- _WHAT TO WORK ON_
Return the material below exactly, but only from the line with "This home features" through the line with "Produsul este realizat", and without its pictures.

- _MATERIAL PROVIDED_
================================

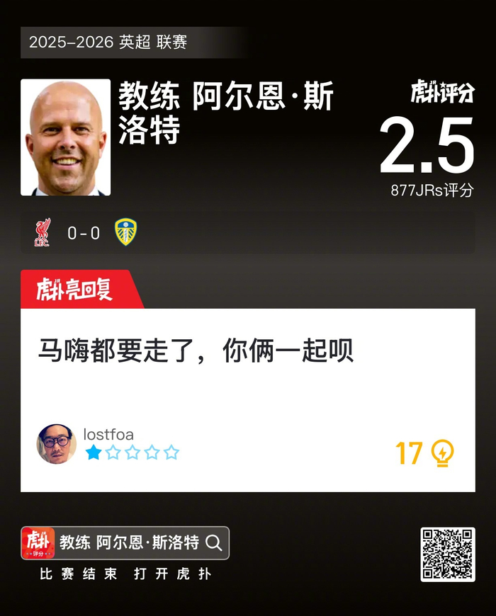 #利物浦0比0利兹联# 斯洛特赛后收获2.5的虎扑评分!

================================

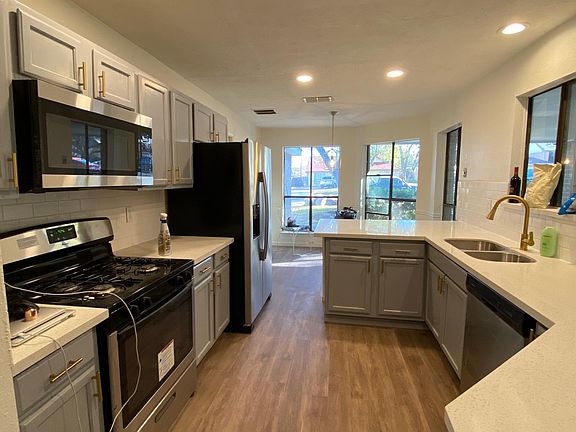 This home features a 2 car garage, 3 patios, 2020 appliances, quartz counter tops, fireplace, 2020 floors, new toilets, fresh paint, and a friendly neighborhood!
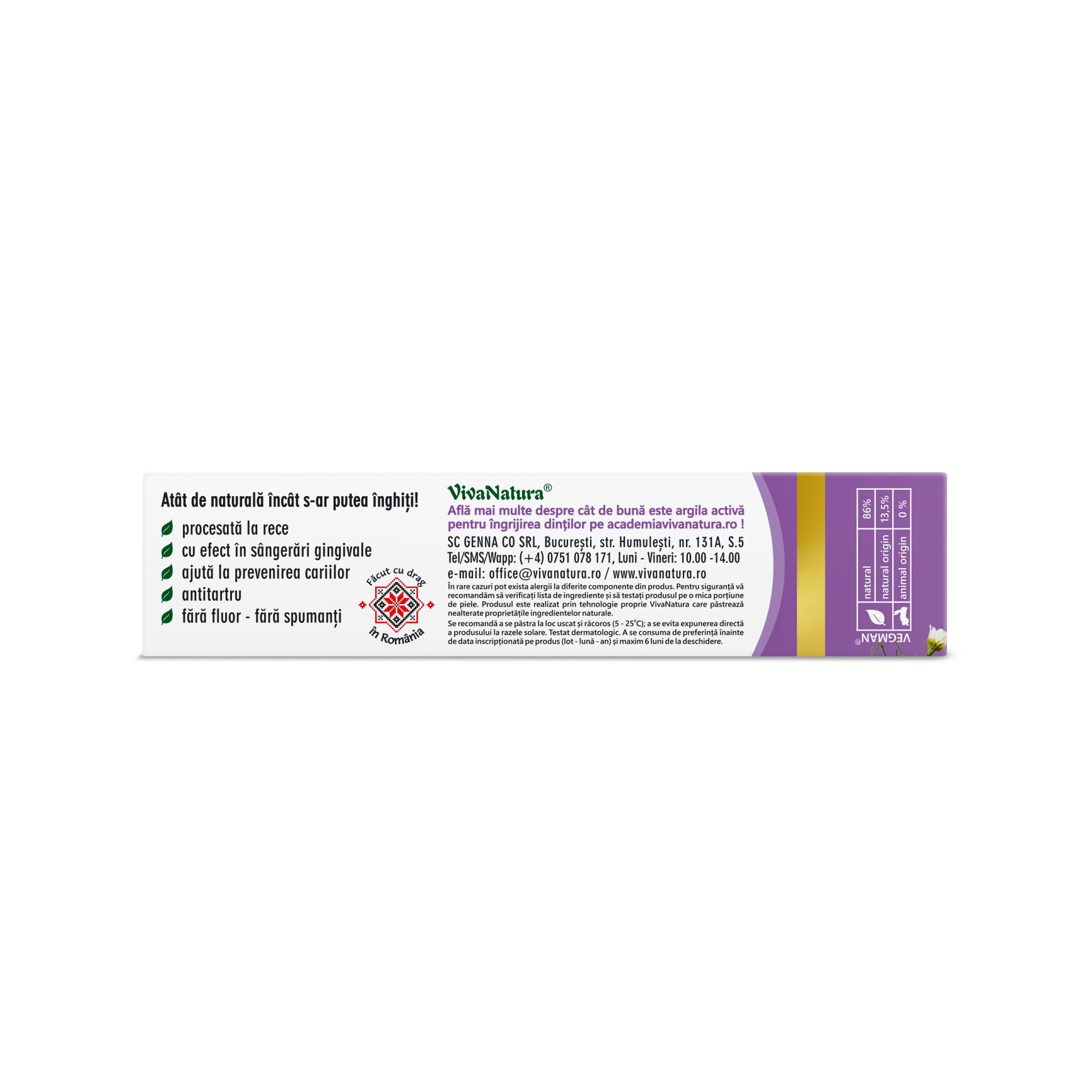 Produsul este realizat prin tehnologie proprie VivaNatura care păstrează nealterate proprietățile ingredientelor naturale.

================================

- _OUTPUT FOR THIS EXERCISE_
 This home features a 2 car garage, 3 patios, 2020 appliances, quartz counter tops, fireplace, 2020 floors, new toilets, fresh paint, and a friendly neighborhood!
 Produsul este realizat prin tehnologie proprie VivaNatura care păstrează nealterate proprietățile ingredientelor naturale.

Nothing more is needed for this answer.